August 28, 2016 by Mike Oscar Hotel
We bought a farm on 30 acres here in Maine and moved in a two weeks ago. Half of it is open fields and brush and the other half is well forested and has been mismanaged for a long period of time. When unpacking, I decided to take inventory of what I have and don’t have to help me through the situation.
Lots of axes and a few handsaws. Don’t worry; there’s a 59cc chainsaw as well, which isn’t pictured. I do need to pick up a peavey. Somewhere in the move, I lost mine. Not sure how you misplace a peavey, but if anyone can do it, it’s me.

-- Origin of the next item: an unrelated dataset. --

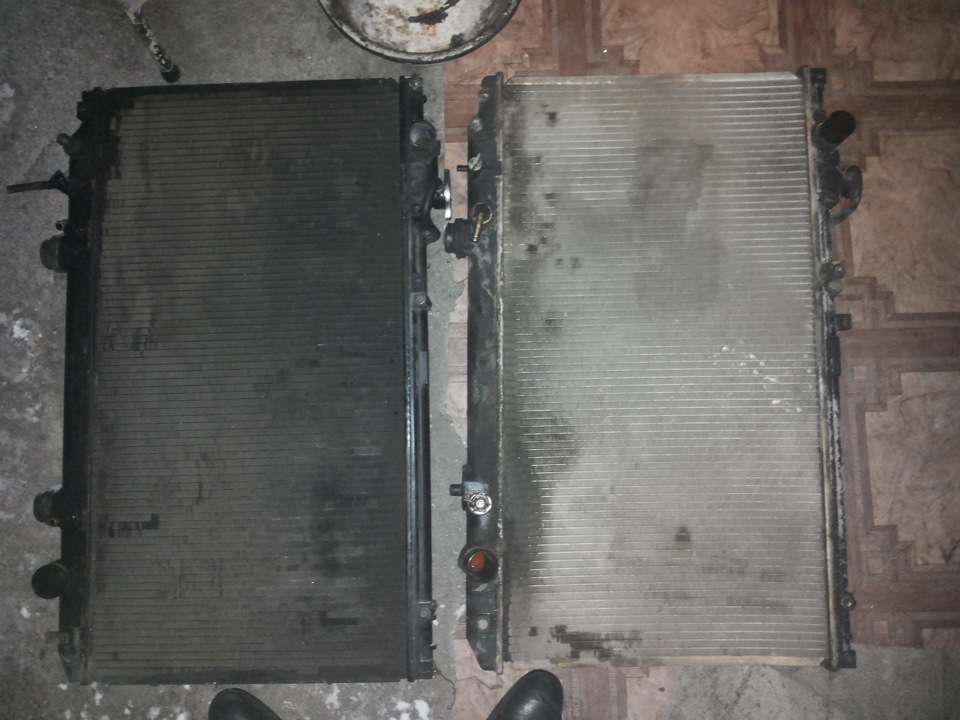 сравнил радиаторы, оказалось что у лексуса радиатор толще чем у аристы, на ото видно. больше отличий не было, просто перекинул все что снимается со своего радика на новый, и поставил на место.
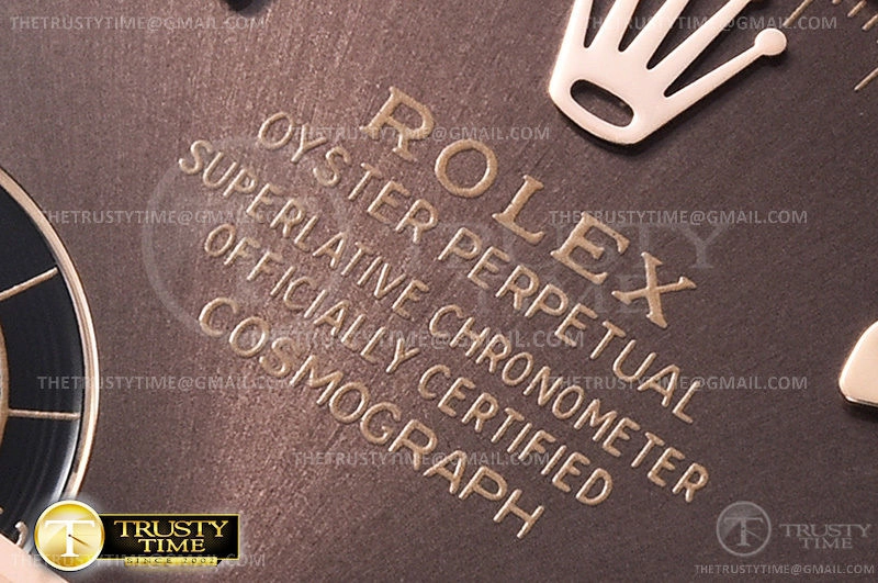 Часы Rolex из коллекции Daytona. Спортивные мужские часы Rolex Cosmograph Daytona 116515LN-0041 премиального качества (Артикул магазина: RX-1309) оснащены надежным автоматическим механизмом с автоподзаводом (работает от амплитуды движения руки) калибра 4130, в котором реализованы следующие функции: часовая, минутная и секундная стрелки, а так же хронограф, дата. Круглый корпус часов розового цвета, имеющий размер 40 мм и высоту 12.5 мм превосходно дополнит образ и украсит запястье своего обладателя. Для изготовления часов Rolex Cosmograph Daytona 116515LN-0041 предлагаемых в нашем интернет-магазине, применяются нержавеющая сталь 904L высокого качества (Швейцарский стандарт), а так же сапфировое стекло высокой прочности, благодаря чему обеспечивается максимальная защита от сколов и механических повреждений. Отличительной чертой данной модели является коричневый циферблат, часовые индексы которого обеспечивают часовые метки. Завершает образ каучуковый ремешок черного цвета с фирменной раскладывающейся застежкой Rolex. Водонепроницаемость данной модели составляет 100М (WR100) – в таких часах можно плавать и нырять без акваланга в морской и пресной воде, а также заниматься водными видами спорта.

I took my first hike to the back of the property and into the woods. I brought the boys along, just so we could take stock of what resources we have back there and so that they could get a sense of what is now theirs. I figure we’ll clear brush and branches this fall and get in there to cut firewood this winter. I’m going to try to twitch the wood out with a small snowmobile. Our farm is currently being farmed organically by a neighbor. Here’s what he’s doing with the cabbage. You should see the tomatoes and peppers!
We hiked into the woods. Lots of conifers and most of the hardwood is small and young. We saw a lot of situations like the picture below. I was actually really excited to see so much blown-over timber because we’re going to need dry firewood and I don’t want to buy any this year.

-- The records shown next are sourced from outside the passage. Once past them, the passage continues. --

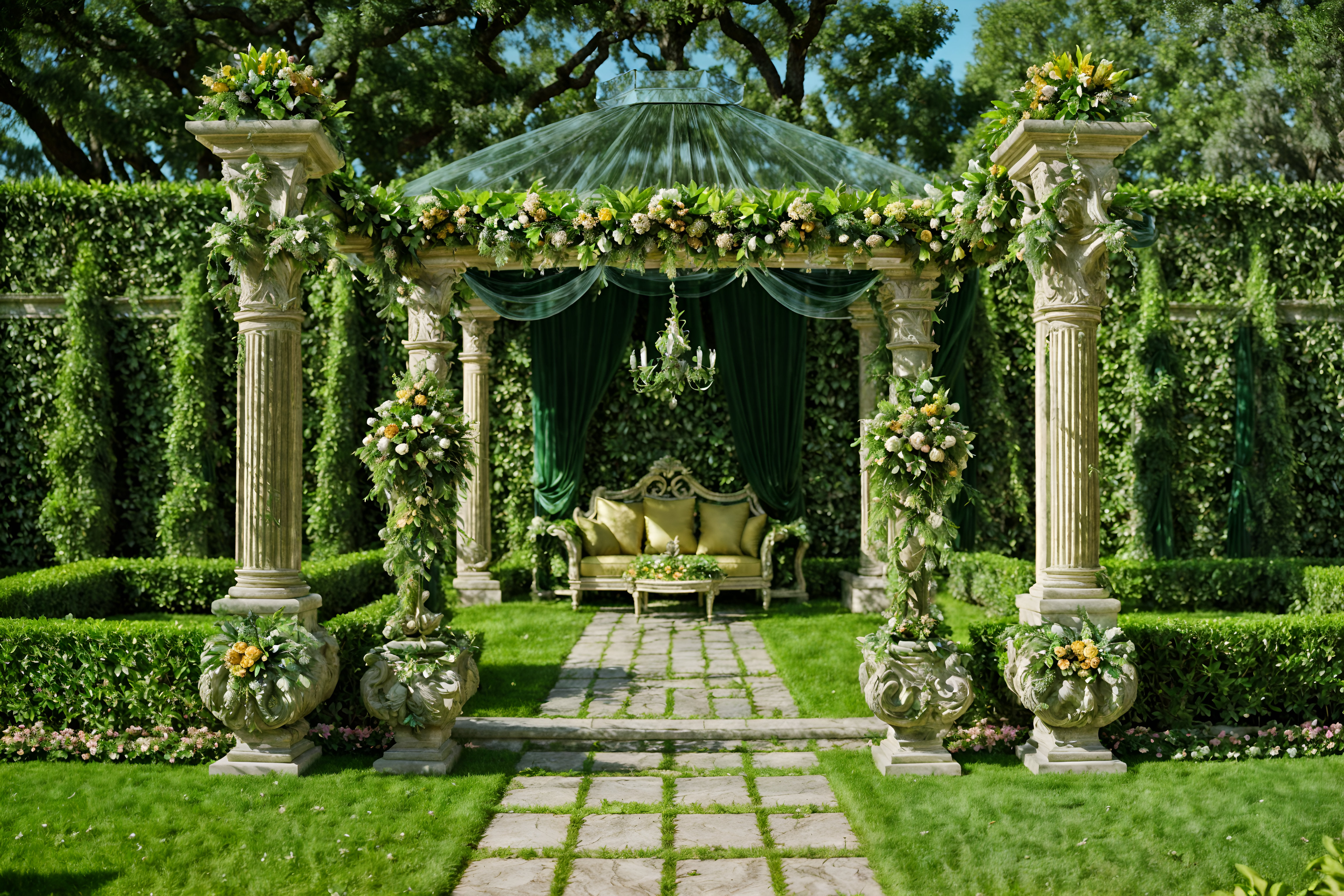 baroque outdoor gardensinterior decorate this outdoor garden with baroque style. . . with grass and garden plants and garden tree and grass. . with movement and pedestal feet and expensive and plush flooring and twisted columns and opulent and colossal furniture and crystal and glass accents and dynamism and luxurious floral and damask fabrics. . .
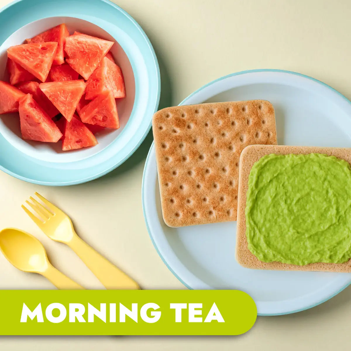 Wholemeal thins with avocado spread & sliced, seasonal fresh fruit.
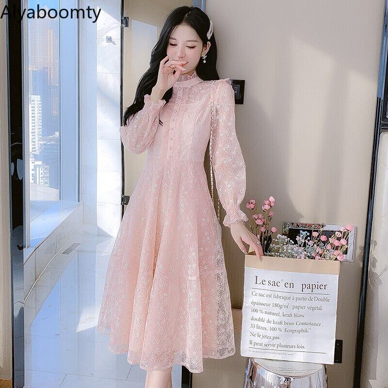 送料無料୨♥୧ スプリングオータムレディースミディドレス カラーフローラルレーススリーブメッシュ ピンク 春物 秋物 花柄 AOS88288585638
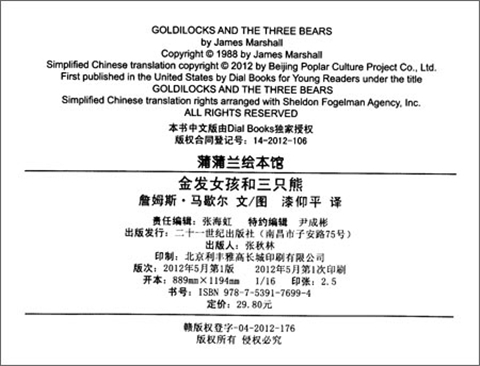 蒲蒲兰 金发女孩和三只熊 詹姆斯·马歇尔 3-4-5-6岁 正版

Below, you can see newer growth coming up under older trees. Some of the older trees need to be thinned to allow the smaller ones to come up through. I’d say some of the smaller ones need to be thinned as well.
I saw a lot of duff disturbances like the one pictured below. I’m attributing them to skunks. I think they’re nosing around, looking for grubs or other things to eat. I suppose a bear might do it as well, but I didn’t see any sign or scat.
Most of the boundaries are defined by rock walls. This area is still farmed heavily and was back when the house was built in 1900. I love the rock walls. There’s a lot of work and character in them. Think about all of that sweat.
Many piles of deer scat. I’d like to think they are from multiple deer, but my feeling is more that it’s one deer that’s heavily haunting the area. I plan to get a game camera at some point to find out if we’re dealing with a buck or a doe. Doe hunting in Maine is on a lottery system. I missed the resident deadline by about a week.
No farm would be complete without it’s own swamp, right?
Not sure what the bone is from. If I had to guess, I’d say it was from a fawn deer.